What is being asked | In the listing below, start your output at the line with "名古屋市内には、渋滞対策のた" and end it after the line with "14時をまわった頃の4円パチ", copying every line exactly.

Records supplied |
--------------------------------------------------

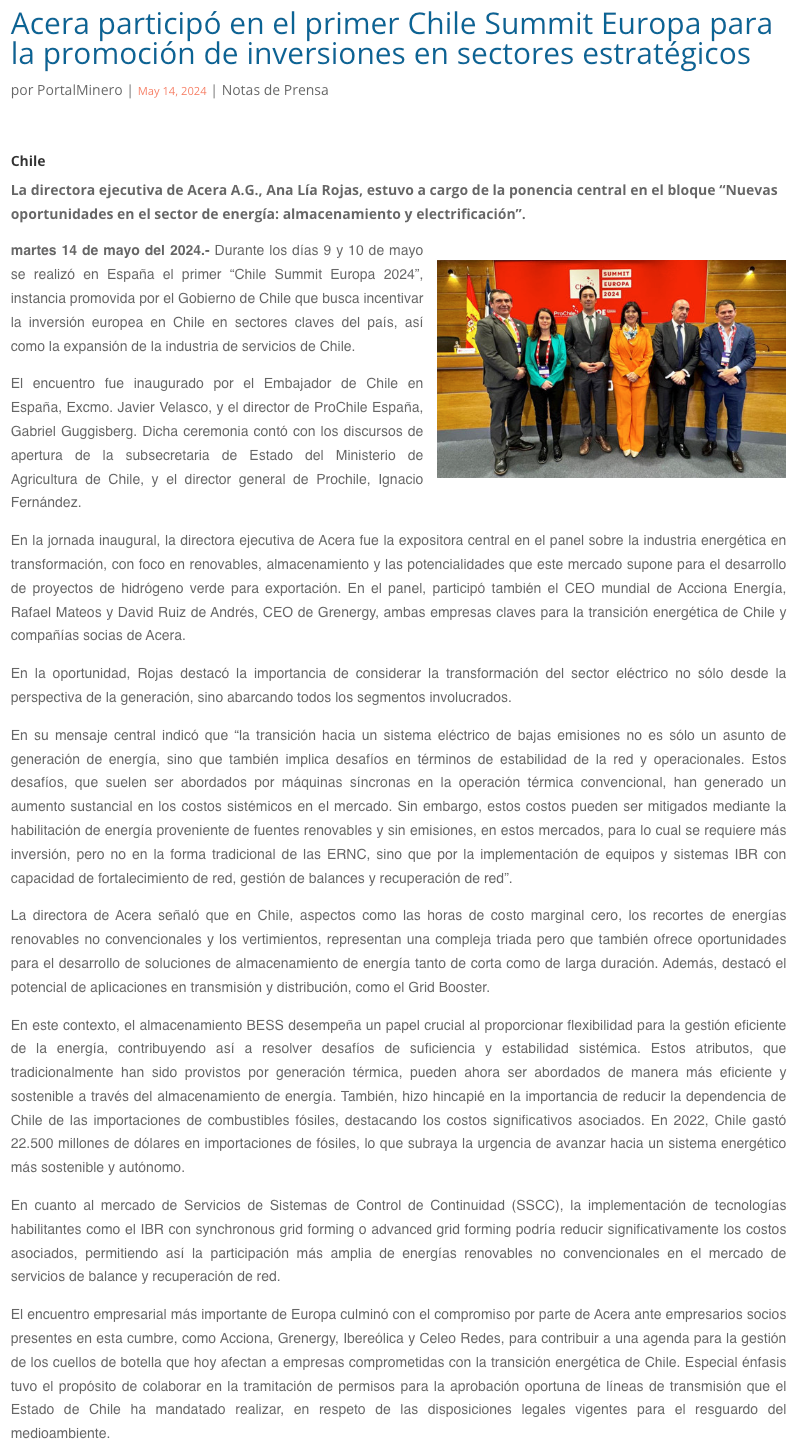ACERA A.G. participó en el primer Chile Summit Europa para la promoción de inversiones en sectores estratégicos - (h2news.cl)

--------------------------------------------------

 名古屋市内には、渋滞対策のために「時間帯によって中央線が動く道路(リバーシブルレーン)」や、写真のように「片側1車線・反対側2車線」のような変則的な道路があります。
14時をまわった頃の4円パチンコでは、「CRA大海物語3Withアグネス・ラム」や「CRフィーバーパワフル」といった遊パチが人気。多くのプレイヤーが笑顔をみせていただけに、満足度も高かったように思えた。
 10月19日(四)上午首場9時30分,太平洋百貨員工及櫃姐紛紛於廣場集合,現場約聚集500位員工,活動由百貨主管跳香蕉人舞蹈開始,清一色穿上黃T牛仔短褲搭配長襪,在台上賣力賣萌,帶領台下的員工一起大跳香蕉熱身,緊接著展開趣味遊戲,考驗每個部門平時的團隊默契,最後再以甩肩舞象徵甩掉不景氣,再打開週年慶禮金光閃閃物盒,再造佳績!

--------------------------------------------------

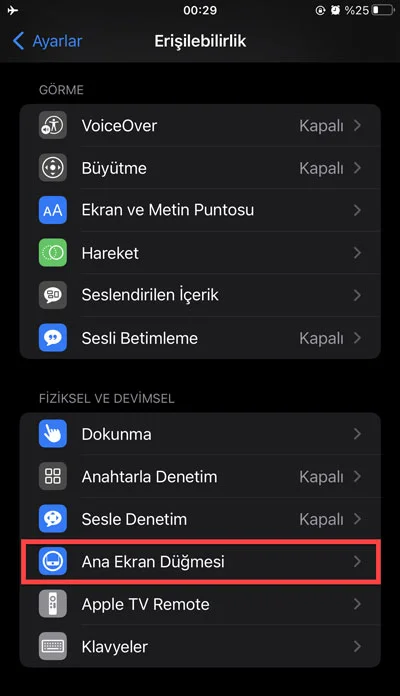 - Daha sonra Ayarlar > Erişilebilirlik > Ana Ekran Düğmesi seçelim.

--------------------------------------------------

Expected answer |
 名古屋市内には、渋滞対策のために「時間帯によって中央線が動く道路(リバーシブルレーン)」や、写真のように「片側1車線・反対側2車線」のような変則的な道路があります。
14時をまわった頃の4円パチンコでは、「CRA大海物語3Withアグネス・ラム」や「CRフィーバーパワフル」といった遊パチが人気。多くのプレイヤーが笑顔をみせていただけに、満足度も高かったように思えた。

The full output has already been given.